▶ ABOUT THIS EXERCISE:
The answer must be a word-for-word copy of the records below, with every picture left out.

▶ SOURCE INFORMATION:
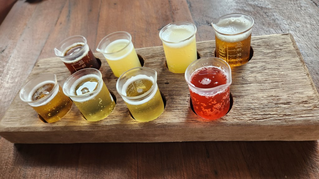 Por lá, são 10 torneiras jorrando bebidas artesanais, de qualidade e bem variadas nos sabores e nos aromas. As cervejas são muito boas e criativas. Têm as mais leves como a Pilsen com limão e a Hop Lager; as mais frutadas como IPA com mexerica e Witbier com frutas amarelas; as mais amargas, como a IPA e a Double IPA; e as escuras como a Black Lager e a Stout com whisky.
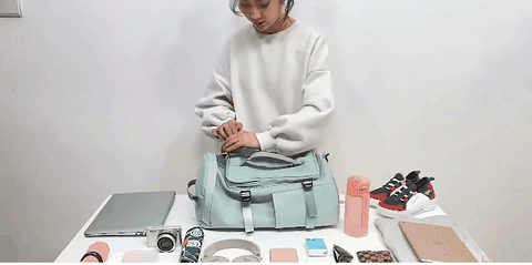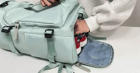 TENKENDE DESIGN: Det utformede atskilte skorommet holder skoene og skittent utstyr atskilt fra rene ting. En sidelomme for å holde vannflaske, notatbøker, pass, hodetelefoner osv. Frontlommen med glidelås kan holde iPad/kindle. Har flere glidelåslommer for å skille små tilbehør.
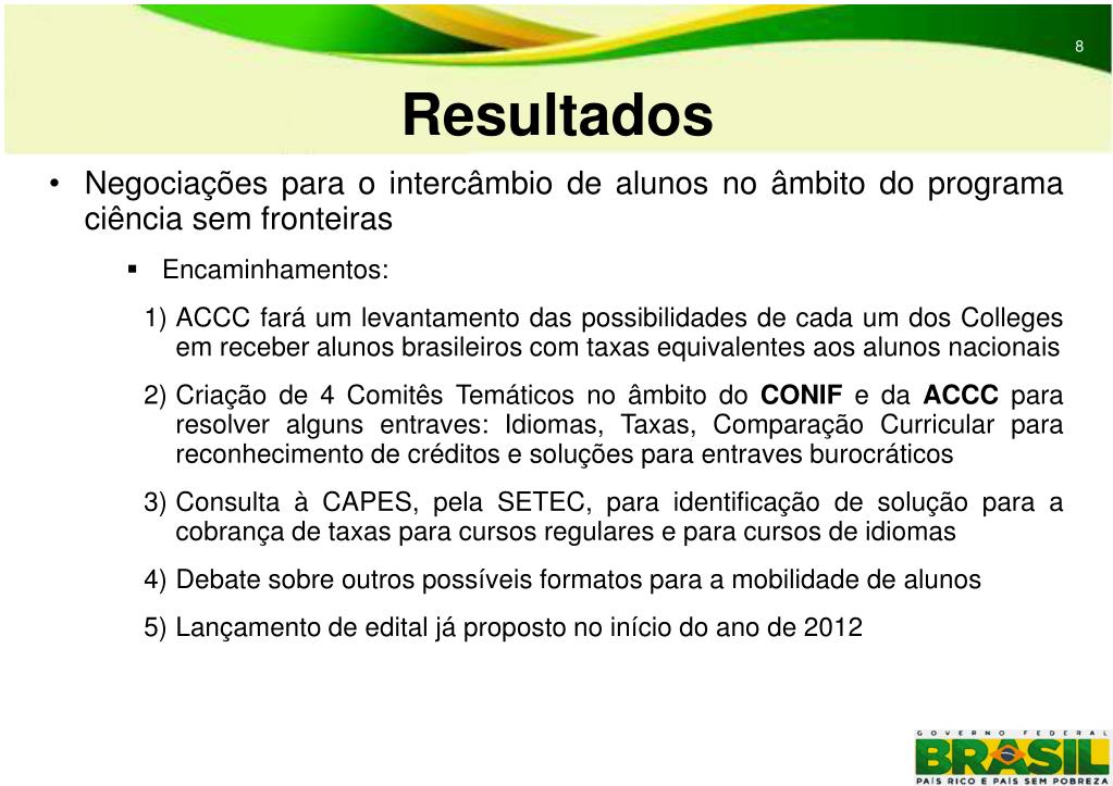 7 Resultados • Negociações para o intercâmbio de alunos no âmbito do programa ciência sem fronteiras • Apresentação das perspectivas de lançamento de edital para tecnólogos sanduíche entre instituições brasileiras e canadenses, tendo como expectativa a participação de até 200 alunos brasileiros e 50 alunos canadenses em 2012 • Facilidades encontradas: alto número de acordos assinados entre as instituições brasileiras e canadenses, antigo relacionamento e conhecimento entre as partes, níveis de ensino com diversas similaridades, similaridades culturais, apoio dos diversos organismos envolvidos • Desafios identificados: alto valor das taxas de alunos internacionais cobradas pelos Colleges, ausência de um Ministério da Educação do lado canadense para centralizar a negociação, baixa reciprocidade devido ao pequeno número de alunos canadenses aptos a estudarem no Brasil, pequeno número de alunos brasileiros com conhecimento de idiomas necessário para realização do intercâmbio
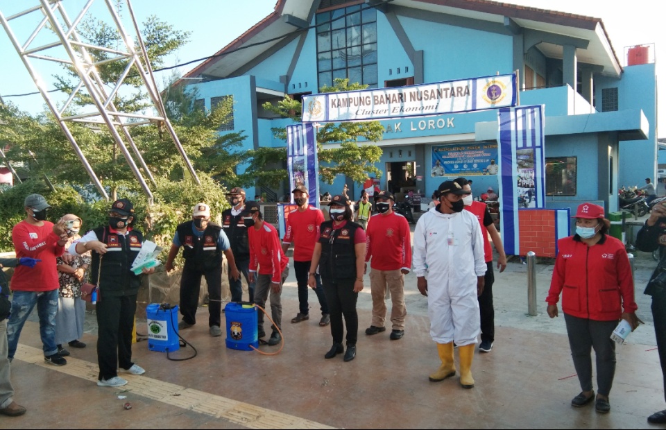 Maulud menambahkan hari ini kita melaksanakan tugas ini dengan niat ibadah kepada Allah mudah mudahan rekan semua ikhlas dalam melaksanakan tugas penyemprotan disinfektan serta pembagian masker pada masyarakat di wilayah Pasar Tambak Lorok ini," pungkasnya.
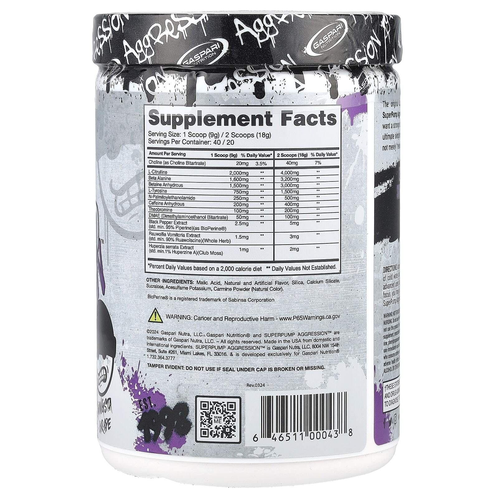 Оцените свою переносимость, выпив 1 мерную ложку (9 г), запивая 3-4 унциями холодной воды за 20–30 минут до тренировки. Для продвинутых пользователей и тех, кто хочет максимизировать энергию, накачать и сосредоточиться, вы можете использовать 2 мерные ложки (18 г), запивая 6–8 унциями холодной воды. SuperPump Aggression следует использовать только в дни тренировок.

▶ TASK RESULT:
 Por lá, são 10 torneiras jorrando bebidas artesanais, de qualidade e bem variadas nos sabores e nos aromas. As cervejas são muito boas e criativas. Têm as mais leves como a Pilsen com limão e a Hop Lager; as mais frutadas como IPA com mexerica e Witbier com frutas amarelas; as mais amargas, como a IPA e a Double IPA; e as escuras como a Black Lager e a Stout com whisky.
 TENKENDE DESIGN: Det utformede atskilte skorommet holder skoene og skittent utstyr atskilt fra rene ting. En sidelomme for å holde vannflaske, notatbøker, pass, hodetelefoner osv. Frontlommen med glidelås kan holde iPad/kindle. Har flere glidelåslommer for å skille små tilbehør.
 7 Resultados • Negociações para o intercâmbio de alunos no âmbito do programa ciência sem fronteiras • Apresentação das perspectivas de lançamento de edital para tecnólogos sanduíche entre instituições brasileiras e canadenses, tendo como expectativa a participação de até 200 alunos brasileiros e 50 alunos canadenses em 2012 • Facilidades encontradas: alto número de acordos assinados entre as instituições brasileiras e canadenses, antigo relacionamento e conhecimento entre as partes, níveis de ensino com diversas similaridades, similaridades culturais, apoio dos diversos organismos envolvidos • Desafios identificados: alto valor das taxas de alunos internacionais cobradas pelos Colleges, ausência de um Ministério da Educação do lado canadense para centralizar a negociação, baixa reciprocidade devido ao pequeno número de alunos canadenses aptos a estudarem no Brasil, pequeno número de alunos brasileiros com conhecimento de idiomas necessário para realização do intercâmbio
 Maulud menambahkan hari ini kita melaksanakan tugas ini dengan niat ibadah kepada Allah mudah mudahan rekan semua ikhlas dalam melaksanakan tugas penyemprotan disinfektan serta pembagian masker pada masyarakat di wilayah Pasar Tambak Lorok ini," pungkasnya.
 Оцените свою переносимость, выпив 1 мерную ложку (9 г), запивая 3-4 унциями холодной воды за 20–30 минут до тренировки. Для продвинутых пользователей и тех, кто хочет максимизировать энергию, накачать и сосредоточиться, вы можете использовать 2 мерные ложки (18 г), запивая 6–8 унциями холодной воды. SuperPump Aggression следует использовать только в дни тренировок.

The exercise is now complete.